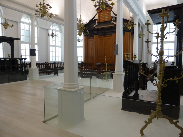 משם המשכנו אל שדרת בתי כנסת עתיקים בה מוצגים חדרי תפילה שפורקו ונאספו מקצווי תבל לשם הגיעו יהודים בנדודיהם. בית הכנסת הבהיר והאלגנטי של סורינם בעל ריצפת החול הלבן יכול לשמש לוקיישן מעולה לצילומי קולקציית "רזורט" עכשווית. בחדר הסמוך הרמנו את המבט אל תקרת עץ מקושטת מצוירת ביד אמן אשר פעם חיפתה בית כנסת בגרמניה.
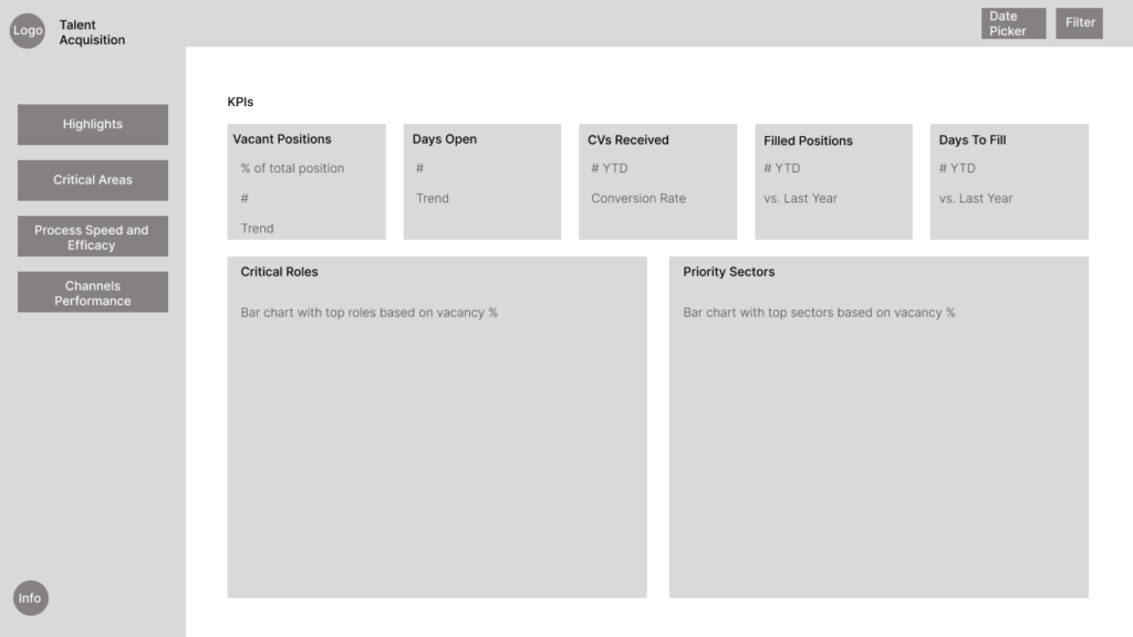 By Tuesday of the following week – within a week of receiving the initial brief – my colleague and I released the first functional sections of the dashboard to the TA leads. During that morning meeting, we reviewed the operational parts of the dashboard, allowing them to begin exploring, while highlighting the sections that were still under development. The initial release impressed the TA leads, and the TA Director and CHRO were relieved to have a working tool in their hands. This was a case where rapid prototyping wasn’t only good for us to capture feedback, but a winning factor in gaining the user’s confidence and building our partnership.
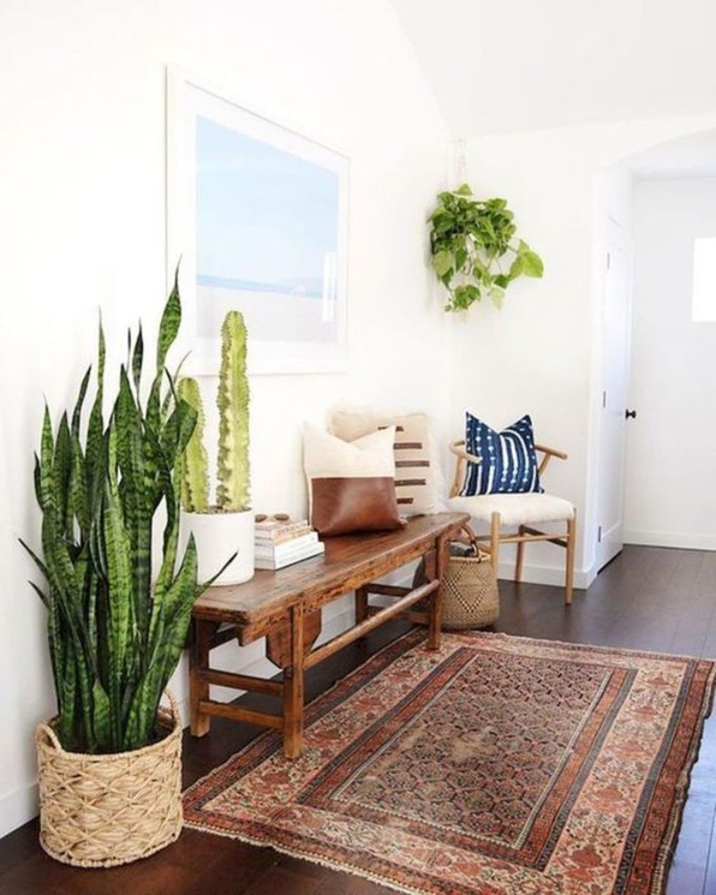 -Potus: Se trata de una planta muy noble ya que no necesita mucha luz, tolera bastante bien la sequía y, además es muy decorativa. Sus hojas verdes que pueden tener vetas amarillas o blancas hace que sea muy vistoso ubicado en estanterías o colgando desde una repisa.

※ ※ ※

WHAT IS BEING ASKED » Could you print the data exactly as it appears and keep the pictures out?

TASK ANSWER »
 משם המשכנו אל שדרת בתי כנסת עתיקים בה מוצגים חדרי תפילה שפורקו ונאספו מקצווי תבל לשם הגיעו יהודים בנדודיהם. בית הכנסת הבהיר והאלגנטי של סורינם בעל ריצפת החול הלבן יכול לשמש לוקיישן מעולה לצילומי קולקציית "רזורט" עכשווית. בחדר הסמוך הרמנו את המבט אל תקרת עץ מקושטת מצוירת ביד אמן אשר פעם חיפתה בית כנסת בגרמניה.
 By Tuesday of the following week – within a week of receiving the initial brief – my colleague and I released the first functional sections of the dashboard to the TA leads. During that morning meeting, we reviewed the operational parts of the dashboard, allowing them to begin exploring, while highlighting the sections that were still under development. The initial release impressed the TA leads, and the TA Director and CHRO were relieved to have a working tool in their hands. This was a case where rapid prototyping wasn’t only good for us to capture feedback, but a winning factor in gaining the user’s confidence and building our partnership.
 -Potus: Se trata de una planta muy noble ya que no necesita mucha luz, tolera bastante bien la sequía y, además es muy decorativa. Sus hojas verdes que pueden tener vetas amarillas o blancas hace que sea muy vistoso ubicado en estanterías o colgando desde una repisa.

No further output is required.